[RECORDS SHOWN]
====
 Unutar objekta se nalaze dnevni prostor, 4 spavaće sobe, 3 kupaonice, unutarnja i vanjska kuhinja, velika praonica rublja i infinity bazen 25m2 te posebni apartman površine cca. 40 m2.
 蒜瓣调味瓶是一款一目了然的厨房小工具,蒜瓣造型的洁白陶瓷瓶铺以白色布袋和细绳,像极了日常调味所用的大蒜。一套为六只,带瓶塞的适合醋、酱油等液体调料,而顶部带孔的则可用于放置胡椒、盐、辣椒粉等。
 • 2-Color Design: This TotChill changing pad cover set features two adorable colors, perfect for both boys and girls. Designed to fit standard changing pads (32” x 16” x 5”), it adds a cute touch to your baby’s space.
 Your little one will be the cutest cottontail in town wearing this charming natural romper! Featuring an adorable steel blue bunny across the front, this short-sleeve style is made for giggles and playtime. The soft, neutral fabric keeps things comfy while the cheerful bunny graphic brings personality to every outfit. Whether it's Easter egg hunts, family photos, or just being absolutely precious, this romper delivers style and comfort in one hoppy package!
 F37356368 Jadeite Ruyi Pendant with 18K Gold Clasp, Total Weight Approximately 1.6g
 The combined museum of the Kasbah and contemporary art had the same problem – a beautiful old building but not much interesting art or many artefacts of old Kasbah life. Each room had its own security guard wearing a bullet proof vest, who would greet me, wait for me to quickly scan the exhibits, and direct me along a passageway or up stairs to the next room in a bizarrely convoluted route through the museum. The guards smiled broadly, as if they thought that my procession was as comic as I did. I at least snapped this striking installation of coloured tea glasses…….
====
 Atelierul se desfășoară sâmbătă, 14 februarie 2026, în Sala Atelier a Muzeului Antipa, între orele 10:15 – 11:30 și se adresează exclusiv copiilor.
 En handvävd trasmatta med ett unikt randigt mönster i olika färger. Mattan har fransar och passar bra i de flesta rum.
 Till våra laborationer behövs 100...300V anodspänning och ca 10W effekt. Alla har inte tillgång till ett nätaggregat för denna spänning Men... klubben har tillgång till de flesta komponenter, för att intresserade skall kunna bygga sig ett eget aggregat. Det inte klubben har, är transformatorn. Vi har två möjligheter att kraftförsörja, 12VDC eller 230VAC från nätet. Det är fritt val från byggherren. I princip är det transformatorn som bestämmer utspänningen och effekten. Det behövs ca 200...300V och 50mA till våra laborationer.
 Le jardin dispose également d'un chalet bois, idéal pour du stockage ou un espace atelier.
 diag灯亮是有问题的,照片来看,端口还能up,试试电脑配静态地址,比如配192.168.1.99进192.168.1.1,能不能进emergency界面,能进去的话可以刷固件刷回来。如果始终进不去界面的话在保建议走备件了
====
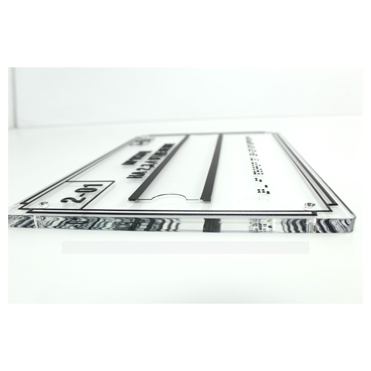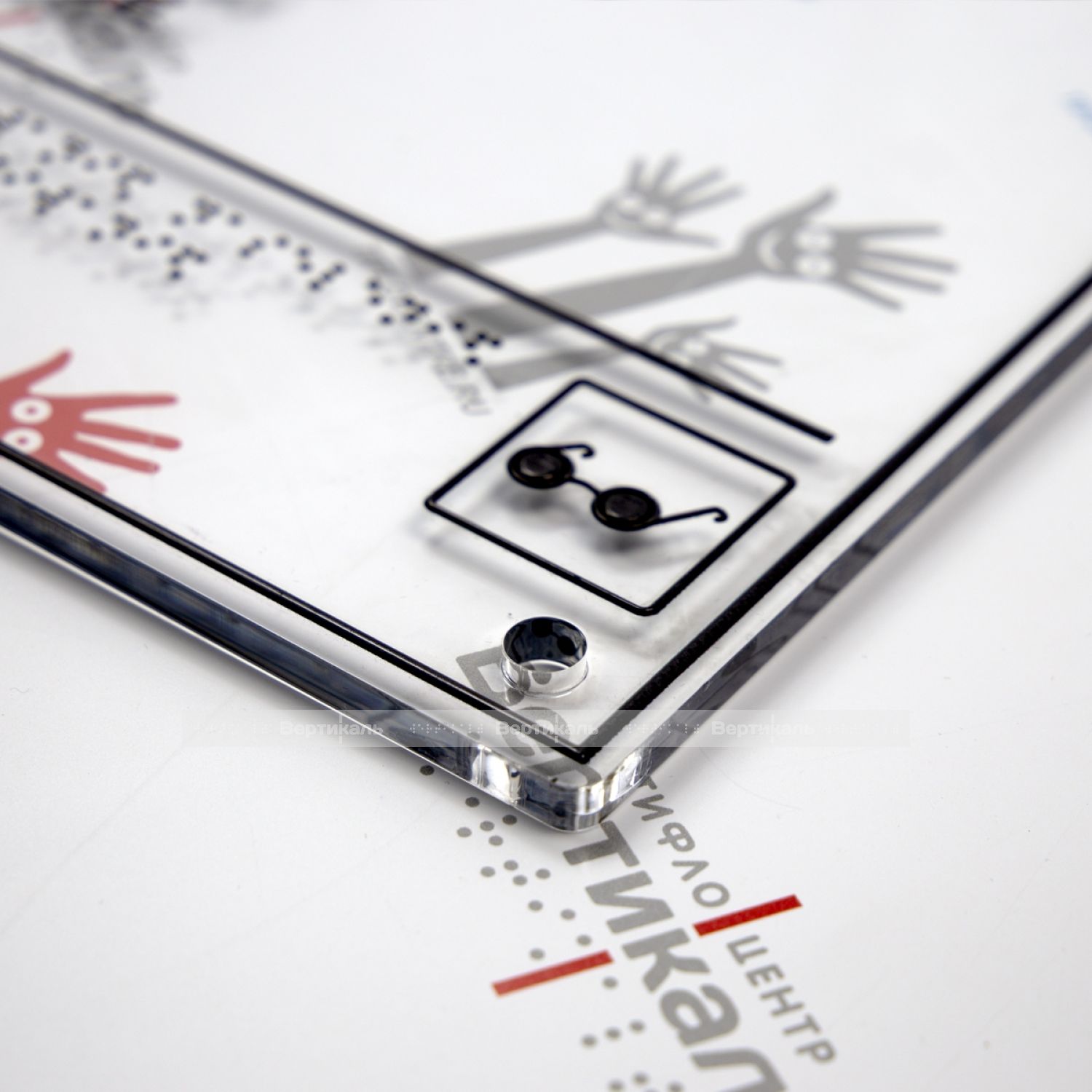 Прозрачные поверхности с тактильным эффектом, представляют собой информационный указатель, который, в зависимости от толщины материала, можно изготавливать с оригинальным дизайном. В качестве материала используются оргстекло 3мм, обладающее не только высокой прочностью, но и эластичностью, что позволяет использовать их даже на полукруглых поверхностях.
====
[WORK ORDER] When you reach the line with "Unutar objekta se" in the records above, start writing out lines exactly, and stop once the line with "The combined museum" has been written; include nothing else.

[PROBLEM SOLUTION]
 Unutar objekta se nalaze dnevni prostor, 4 spavaće sobe, 3 kupaonice, unutarnja i vanjska kuhinja, velika praonica rublja i infinity bazen 25m2 te posebni apartman površine cca. 40 m2.
 蒜瓣调味瓶是一款一目了然的厨房小工具,蒜瓣造型的洁白陶瓷瓶铺以白色布袋和细绳,像极了日常调味所用的大蒜。一套为六只,带瓶塞的适合醋、酱油等液体调料,而顶部带孔的则可用于放置胡椒、盐、辣椒粉等。
 • 2-Color Design: This TotChill changing pad cover set features two adorable colors, perfect for both boys and girls. Designed to fit standard changing pads (32” x 16” x 5”), it adds a cute touch to your baby’s space.
 Your little one will be the cutest cottontail in town wearing this charming natural romper! Featuring an adorable steel blue bunny across the front, this short-sleeve style is made for giggles and playtime. The soft, neutral fabric keeps things comfy while the cheerful bunny graphic brings personality to every outfit. Whether it's Easter egg hunts, family photos, or just being absolutely precious, this romper delivers style and comfort in one hoppy package!
 F37356368 Jadeite Ruyi Pendant with 18K Gold Clasp, Total Weight Approximately 1.6g
 The combined museum of the Kasbah and contemporary art had the same problem – a beautiful old building but not much interesting art or many artefacts of old Kasbah life. Each room had its own security guard wearing a bullet proof vest, who would greet me, wait for me to quickly scan the exhibits, and direct me along a passageway or up stairs to the next room in a bizarrely convoluted route through the museum. The guards smiled broadly, as if they thought that my procession was as comic as I did. I at least snapped this striking installation of coloured tea glasses…….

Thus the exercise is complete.